Il s'agit d'une image plus que d'une théorie ! Elle
montre que dans un pays, il y a toujours un lien entre tout le monde. L'image
de la cordée a cette vertu extraordinaire dans un monde perçu souvent comme
individualiste : elle rappelle qu'on est tous attachés. La cordée est le
contraire de l'individualisme.
- Après la réforme des retraites en 2019, le
gros du programme aura été fait. Quel est le plan pour le deuxième temps du
quinquennat ?
Il n'y a pas de temps 1 et de temps 2 du quinquennat.

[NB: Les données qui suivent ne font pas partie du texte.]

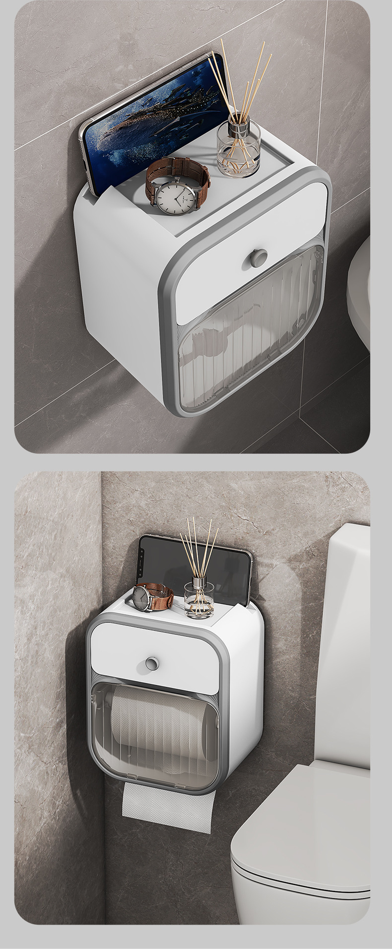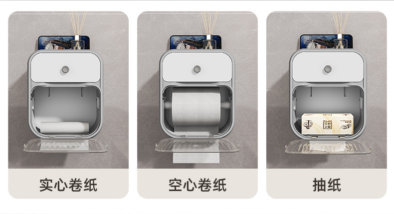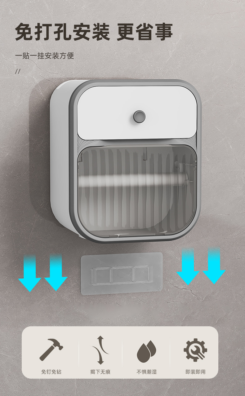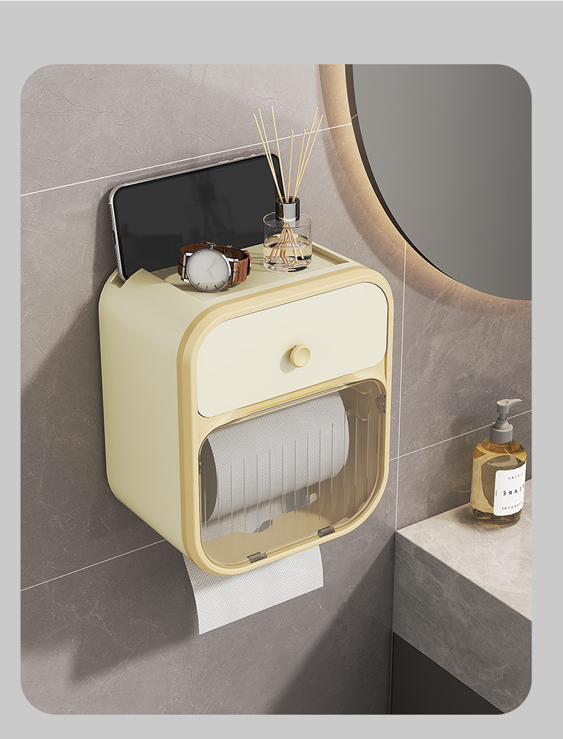 Caja de toallas de papel colgada en la pared sin perforación baño ligero de lujo estantes transparentes caja de almacenamiento doméstica caja de extracción simple caja de plástico
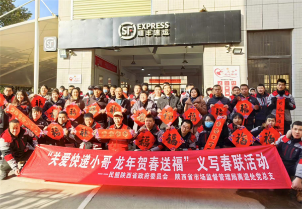 歡聲笑語(yǔ)辭舊歲,暖意融融迎新春。2024年1月23日,民盟省政府委員會(huì)攜手省市場(chǎng)監(jiān)管局離退處黨總支走進(jìn)高新科技八路順豐速運(yùn)營(yíng)業(yè)點(diǎn)開展“關(guān)愛快遞小哥 龍年賀春送福”義寫春聯(lián)活動(dòng),為快遞小哥送上文化年貨。
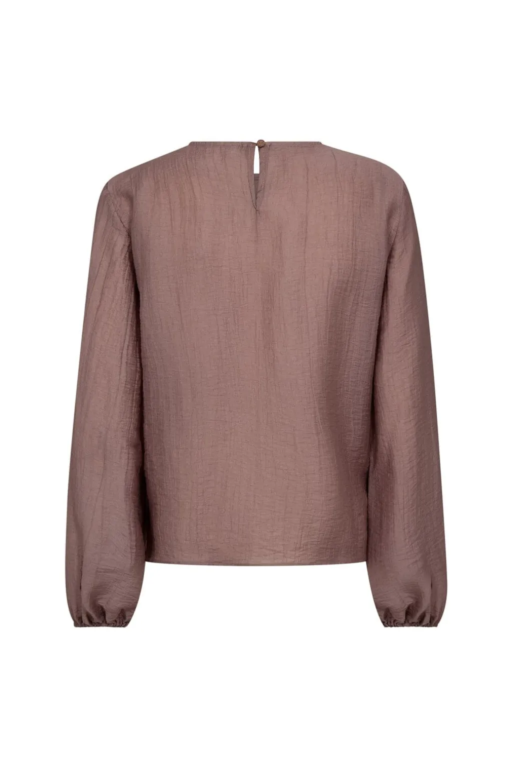 Bluse fra Co´Couture i gammelrosa med et draperet design på forsiden. Blusen har lange ærmer med elastik ved håndleddene og en keyhole-åbning bagpå.

Je ne crois pas ceux qui disent qu'on aura terminé en 2019 l'ensemble du
programme, et qu'après il n'y aura plus rien à faire. Il y a immensément à
faire dans le pays pour le réparer. Le programme de travail sera dense jusqu'au
bout.
- Quelles sont les marges de négociation avec
l'opposition sur la réforme constitutionnelle ?
Il y a trois blocs. Un premier sur la modernisation du
Conseil supérieur de la magistrature, les ex-présidents de la République qui ne
pourront plus siéger automatiquement au Conseil constitutionnel ou encore la
suppression de la Cour de justice de la République. Sur ces points, nous avons
un accord. Il y a un deuxième bloc, qui comprend les engagements du président :
réduction d'un tiers du nombre de parlementaires, limitation du cumul des
mandats dans le temps et introduction d'une dose de proportionnelle aux
élections législatives. Là-dessus, je considère que le président, dans ses
consultations, a fait les gestes pour dégager un accord politique. Puis il y a
un troisième paquet, sur la fabrique de la loi et le contrôle parlementaire.

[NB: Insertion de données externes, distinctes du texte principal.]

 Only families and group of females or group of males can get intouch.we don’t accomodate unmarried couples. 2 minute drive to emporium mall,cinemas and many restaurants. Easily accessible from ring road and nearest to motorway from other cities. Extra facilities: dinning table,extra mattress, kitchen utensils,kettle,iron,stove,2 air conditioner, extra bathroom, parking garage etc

Sur ce dernier volet, notre objectif est d'avoir une discussion parlementaire
riche sur la meilleure façon d'arriver à une forme d'efficacité réciproque.
- La recomposition politique impulsée par M. Macron
est-elle terminée ?
Les cultures de droite et de gauche continuent
d'irriguer le débat public et de marquer l'appartenance des individus. Les gens
me disent: «Je suis plutôt de droite
ou plutôt de gauche, mais j'aime bien ce que vous faites.» Je pense que
l'erreur des partis, et leur échec considérable jusqu'en 2017, vient de
ce qu'ils n'ont pas voulu comprendre que raisonner exclusivement en ces termes,
au-delà des évolutions du monde, c'était très appauvrissant. La recomposition
est encore en cours et les européennes vont continuer à la traduire.